──────── Data shown ────────
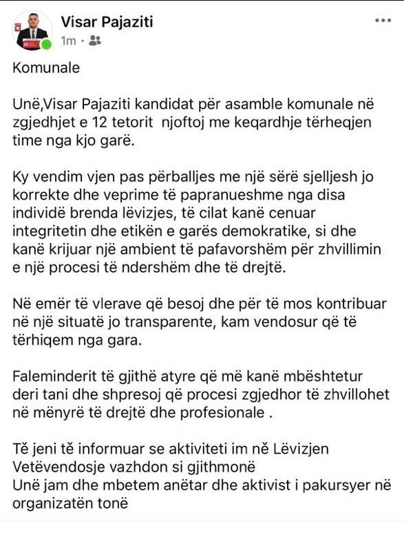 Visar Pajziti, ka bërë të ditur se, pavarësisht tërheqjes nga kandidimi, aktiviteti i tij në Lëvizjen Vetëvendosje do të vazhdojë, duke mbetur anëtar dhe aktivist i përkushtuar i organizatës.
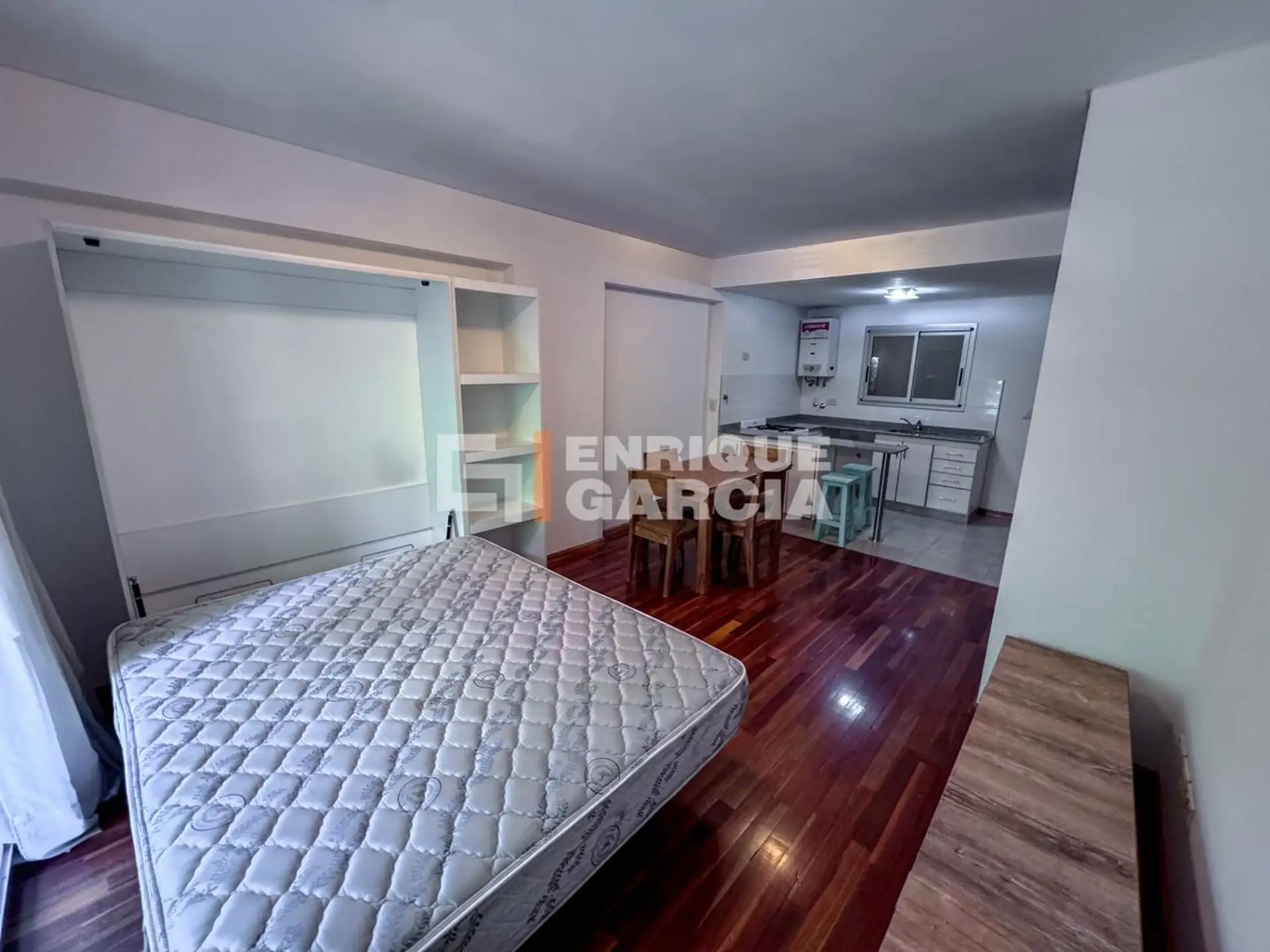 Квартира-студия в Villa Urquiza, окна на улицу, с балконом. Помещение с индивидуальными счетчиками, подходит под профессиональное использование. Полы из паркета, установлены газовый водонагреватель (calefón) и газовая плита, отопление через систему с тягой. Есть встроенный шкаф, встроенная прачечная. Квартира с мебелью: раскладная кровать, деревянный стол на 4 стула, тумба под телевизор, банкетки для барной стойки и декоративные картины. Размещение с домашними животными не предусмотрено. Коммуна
────────
──────── Data shown ────────
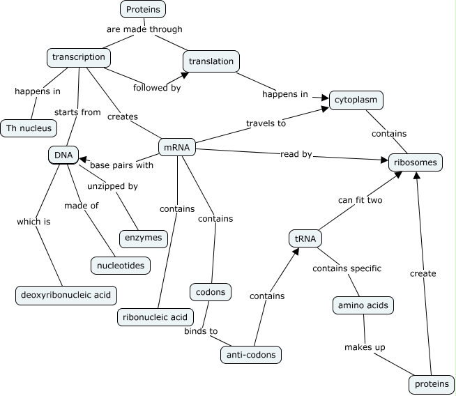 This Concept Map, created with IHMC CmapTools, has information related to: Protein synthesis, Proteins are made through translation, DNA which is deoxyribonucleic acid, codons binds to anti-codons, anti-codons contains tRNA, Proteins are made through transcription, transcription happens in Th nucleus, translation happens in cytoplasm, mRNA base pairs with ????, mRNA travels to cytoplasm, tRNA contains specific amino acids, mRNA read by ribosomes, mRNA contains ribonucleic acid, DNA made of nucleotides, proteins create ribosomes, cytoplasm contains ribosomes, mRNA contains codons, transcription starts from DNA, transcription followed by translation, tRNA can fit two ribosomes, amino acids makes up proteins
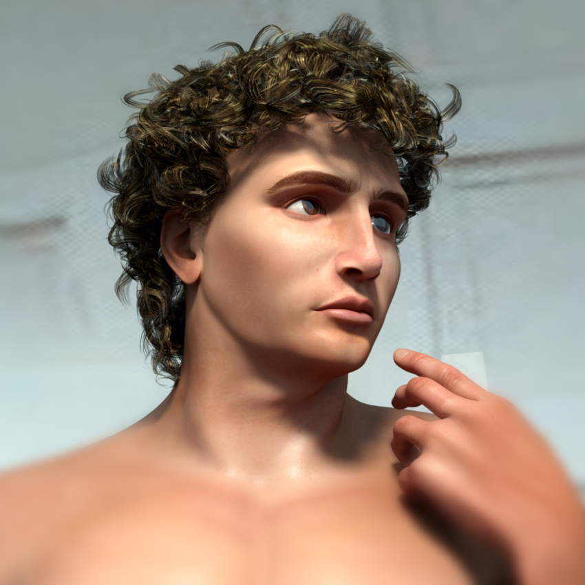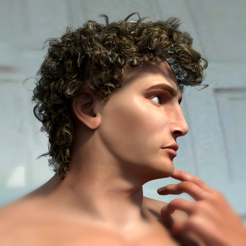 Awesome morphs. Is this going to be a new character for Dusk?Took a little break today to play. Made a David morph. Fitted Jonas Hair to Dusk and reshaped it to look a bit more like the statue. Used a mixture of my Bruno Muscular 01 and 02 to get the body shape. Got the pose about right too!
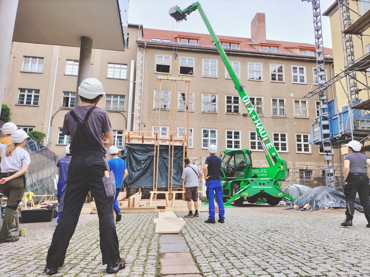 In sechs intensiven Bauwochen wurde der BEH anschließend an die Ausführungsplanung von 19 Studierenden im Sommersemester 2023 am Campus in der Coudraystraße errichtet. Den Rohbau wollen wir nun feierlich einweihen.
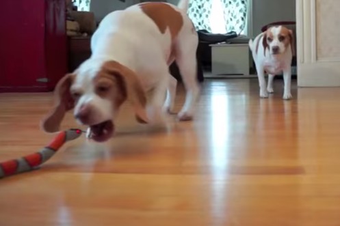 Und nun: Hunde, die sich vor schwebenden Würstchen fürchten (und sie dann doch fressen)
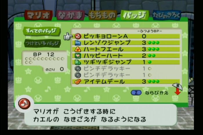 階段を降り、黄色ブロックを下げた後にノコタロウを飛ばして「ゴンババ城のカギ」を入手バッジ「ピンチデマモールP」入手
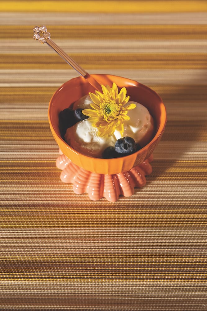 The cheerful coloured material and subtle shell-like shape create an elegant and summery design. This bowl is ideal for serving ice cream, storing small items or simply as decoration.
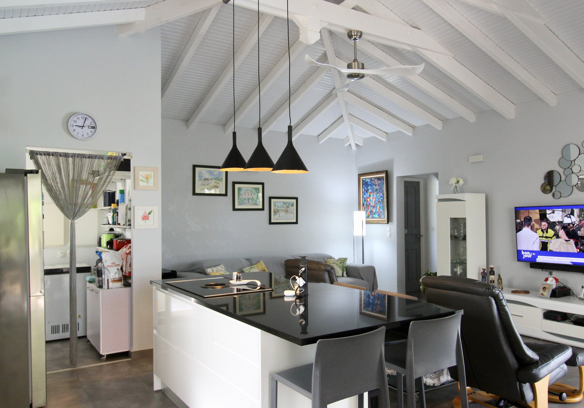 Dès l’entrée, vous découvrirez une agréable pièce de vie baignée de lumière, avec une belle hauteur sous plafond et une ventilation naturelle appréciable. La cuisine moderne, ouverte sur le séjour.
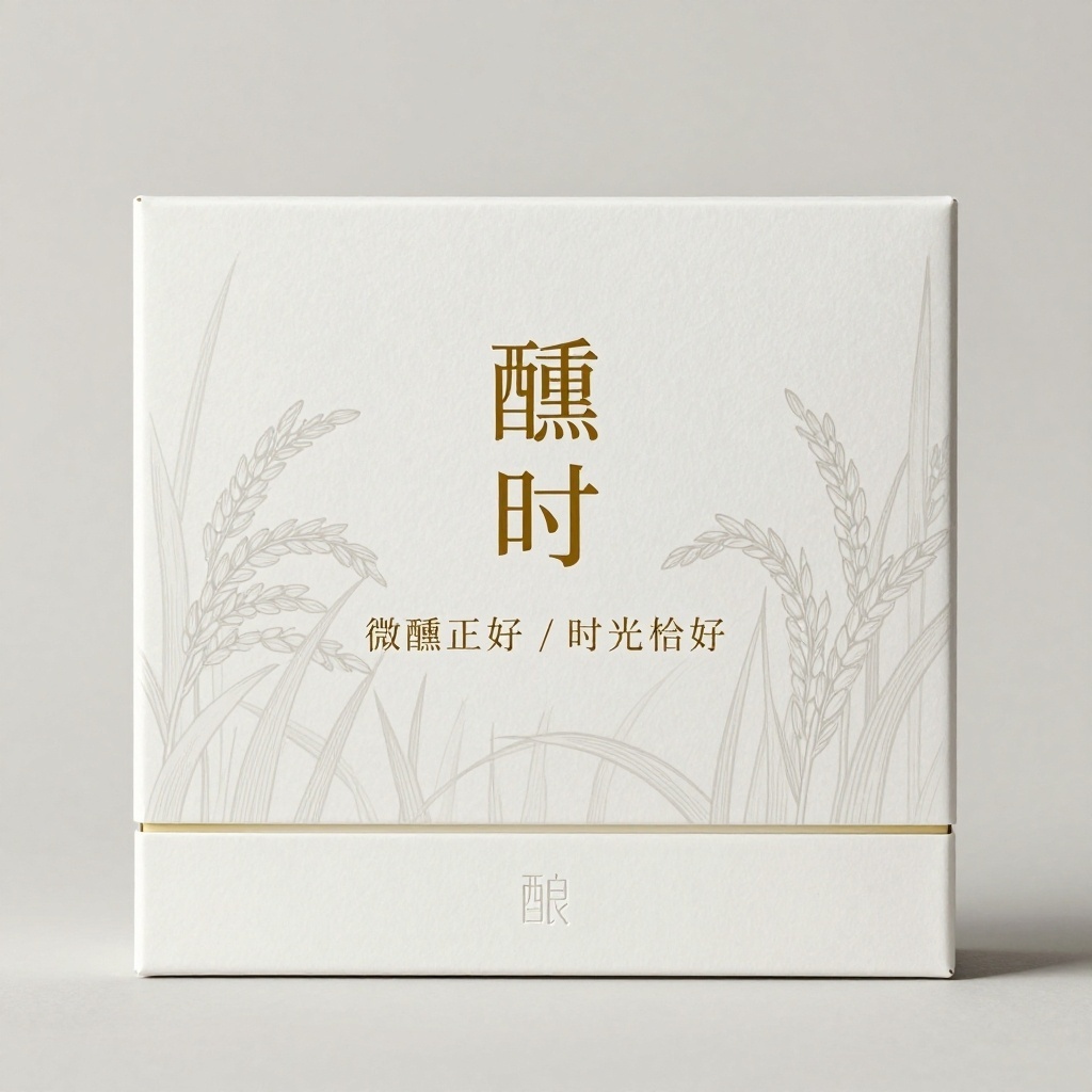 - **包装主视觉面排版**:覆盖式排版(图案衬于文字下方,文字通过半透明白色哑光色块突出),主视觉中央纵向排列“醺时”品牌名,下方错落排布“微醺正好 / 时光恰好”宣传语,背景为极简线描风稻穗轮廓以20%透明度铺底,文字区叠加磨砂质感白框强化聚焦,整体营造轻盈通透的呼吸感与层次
────────
# [What you should do]
Everything from the line above that contains "Visar Pajziti, ka" down to the line that contains "Квартира-студия в Villa" must be reproduced exactly, both ends included. Omit the pictures.

# [Solution]
 Visar Pajziti, ka bërë të ditur se, pavarësisht tërheqjes nga kandidimi, aktiviteti i tij në Lëvizjen Vetëvendosje do të vazhdojë, duke mbetur anëtar dhe aktivist i përkushtuar i organizatës.
 Квартира-студия в Villa Urquiza, окна на улицу, с балконом. Помещение с индивидуальными счетчиками, подходит под профессиональное использование. Полы из паркета, установлены газовый водонагреватель (calefón) и газовая плита, отопление через систему с тягой. Есть встроенный шкаф, встроенная прачечная. Квартира с мебелью: раскладная кровать, деревянный стол на 4 стула, тумба под телевизор, банкетки для барной стойки и декоративные картины. Размещение с домашними животными не предусмотрено. Коммуна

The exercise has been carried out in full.